The Paris deal allowed countries to set their own climate targets. Collectively, the initial national goals would only limit warming to around 3C – falling short of the “well below 2C” goal. The agreement put in place legal mechanisms to compel nations to revisit and increase their ambition.
“When you get to the point of talking about ratcheting up what you’re going to do, looking at the United States not acting … I think some countries will say I’m going to do more, and some countries will say we are going to do less,” said Stern.
The rules to govern the Paris deal are still being thrashed out. Countries will meet in Katowice, Poland in December to pin down the details.
“Some of [the ways to raise ambition] are under threat in the ongoing negotiations, quite frankly, because the U.S. is no longer displaying that level of leadership,” said Selwin Hart, who ran the UN secretary general’s climate change team during the Paris talks and is now Barbados’ ambassador to the U.S. “It is absolutely imperative to have the U.S. at the table. Were it not for the leadership of the Unites States … we would not have had the Paris Agreement.”
Caballero and Hart were also addressing the WRI event.
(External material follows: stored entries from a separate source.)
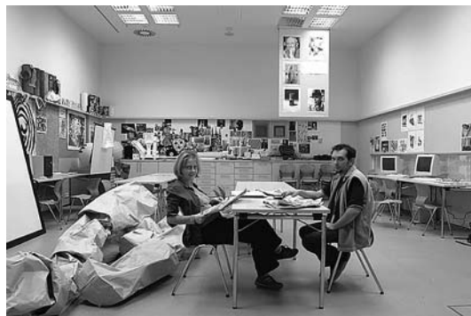
sl. 6.-11. Ludwig muzej i njegovi korisnici: muzejska knjižnica, igraonice, otvorenja izložaba

različitih zemalja. Zbirka koja je došla posredovanjem te organizacije sadržava djela pop-arta, futurističkog realizma, grafite, radove njemačkog neoekspresionizma, ukratko – za nas vrlo bitna djela. Talijani i Francuzi središnja su točka zbirke i sadržajno je uravnotežuju. David Hockney, Richard Hamilton, Gerhard Richter, Jean Tinguely, Jasper Jones, Robert Longo, Rosemarie Trockel te Arnulf Rainer samo su neki od slavnih autora čija su remek-djela u zbirci. Vrlo je važan element zbirke Ludwig tzv. neslužbena umjetnost Rusije ili bivšega Sovjetskog Saveza te drugih susjednih država. Djela prvotno preuzeta iz zbirke Ludwig karakteristična su za razdoblje prije devedesetih.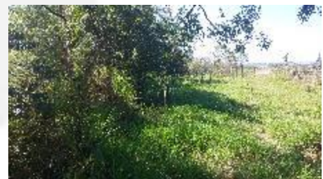
Foto 08. APP em recuperação.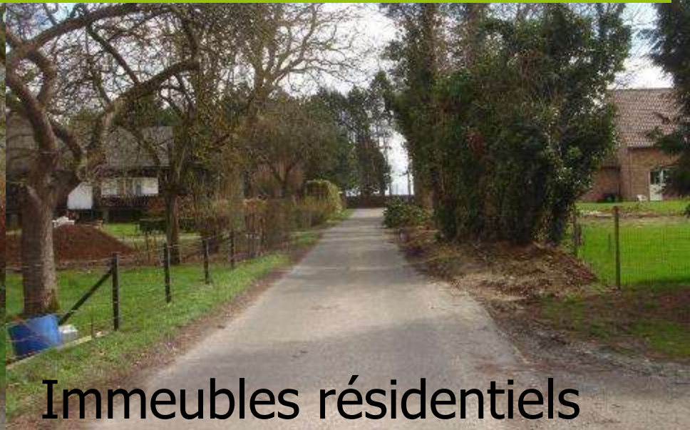
Immeubles résidentiels voisins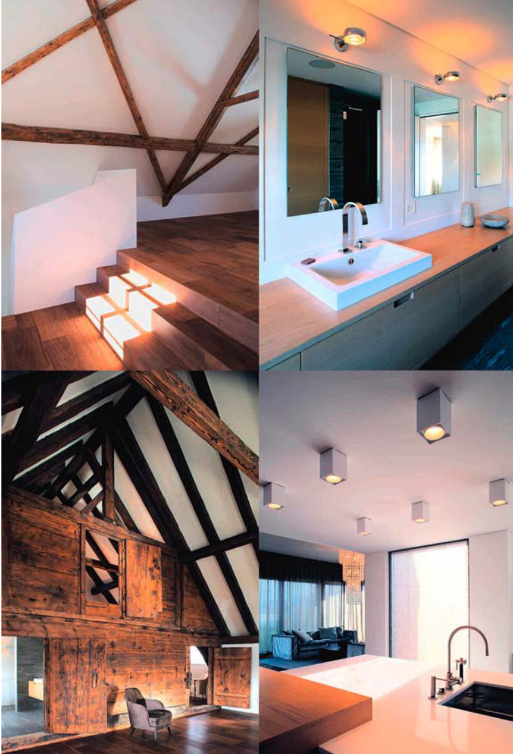
Einblicke ins Treppenhaus, ins Bad im OG, in den ausgebauten Dachstuhl und ins Wohnzimmer im Erdgeschoss.

über Smartphone oder Internet gesteuert werden kann.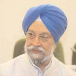
केंद्रीय मंत्री हरदीप सिंह पुरी

दावोस, (भाषा)। यूक्रेन-रूस युद्ध के प्रभावों से निपटने में भारत का उदाहरण देते हुए केंद्रीय मंत्री हरदीप सिंह पुरी ने मंगलवार को कहा कि दुनिया को अपने सामने आने वाली चुनौतियों और संकटों से व्यावहारिक रूप से निपटने की जरूरत है। पुरी यहां विश्व आर्थिक मंच की वार्षिक बैठक में ऊर्जा और प्रतिद्वंद्विता विषय पर एक सत्र को संबोधित कर रहे थे। उन्होंने कहा कि यूक्रेन युद्ध के बाद ऊर्जा संकट का संकेत मिलने के पश्चात भारत ने शुरुआत में ही व्यावहारिक दृष्टिकोण अपनाया और परिणाम सभी के सामने है। पेट्रोलियम और प्राकृतिक गैस मामलों के साथ-साथ आवास और शहरी मामलों के मंत्री पुरी ने कहा कि देखभाल के लिए भारत में एक बड़ी आबादी है और लाखों लोगों को दिन में तीन बार खाना खिलाना सरकार की जिम्मेदारी है। उन्होंने कहा, लेकिन साथ ही हमने अपनी घरेलू मजबूरियों को टिकाऊ भविष्य के प्रति अपनी वैश्विक प्रतिबद्धताओं के आड़े नहीं आने दिया। वहीं, यूरोपीय आयोग के ऊर्जा आयुक्त कादरी सिमसन ने कहा कि वह इस बात से सहमत है कि व्यावहारिकता आवश्यक है और यूरोप भी इसे मानता है। उद्योग और शिक्षा जगत के प्रतिनिधियों सहित पैनल में शामिल वक्ताओं ने ऊर्जा और भू-राजनीति के तेजी से आपस में जुड़ने तथा देशों द्वारा तेल, गैस और स्वच्छ ऊर्जा समाधानों सहित अपनी वैश्विक ऊर्जा आपूर्ति में विविधता लाने के लिए खुले तौर पर प्रतिस्पर्धा करने के बारे में बात की।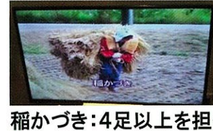
稲かづき:4足以上を担ぐ

ミュージアムの敷地内には、「情報館」、「伝統館」、「交流館」、「民具館」があり、散居景観の情報や伝統文化の魅力にふれることができます。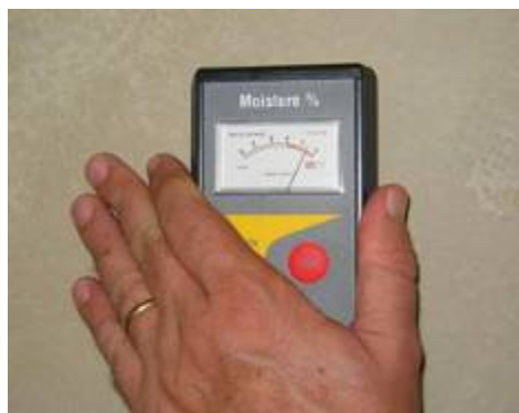
Miernik Sika Tramex

Negatywny wynik badania folią wg ASTM D 4263

Over the past year, some of the state department diplomats that worked on the Obama team have remained in post. They maintain a constructive, although diminished, presence at the talks. Under the leadership of Trump’s first secretary of state Rex Tillerson, the climate team was downgraded, but observers have said U.S. diplomats continued many of the positions adopted by the U.S. under Obama.
Now there is new leadership at the state department, with Koch brothers ally Mike Pompeo taking over. Trump’s new national security advisor, John Bolton, is a long-time critic of the Paris deal. The new dynamic in Washington, D.C. will be closely watched.
Laurence Tubiana, a French diplomat who worked with Fabius to broker the Paris deal, told Climate Home News upcoming meetings between Chinese and European ministers would be crucial for damage limitation.
“Now who is teaming up or balancing or discussing with China?” she said. Unless the EU can replicate the U.S.’s diplomatic heft in partnership with China, said Tubiana, “I think we are losing totally the game.”
Many invitees to Trump’s speech in the White House Rose Garden one year ago were from conservative think tanks. They had lobbied Trump over many months to withdraw from the Paris deal. For some, the anniversary represents a still unfulfilled promise. Under the rules of the deal, Trump cannot leave the agreement until the day after the next U.S. presidential election in 2020.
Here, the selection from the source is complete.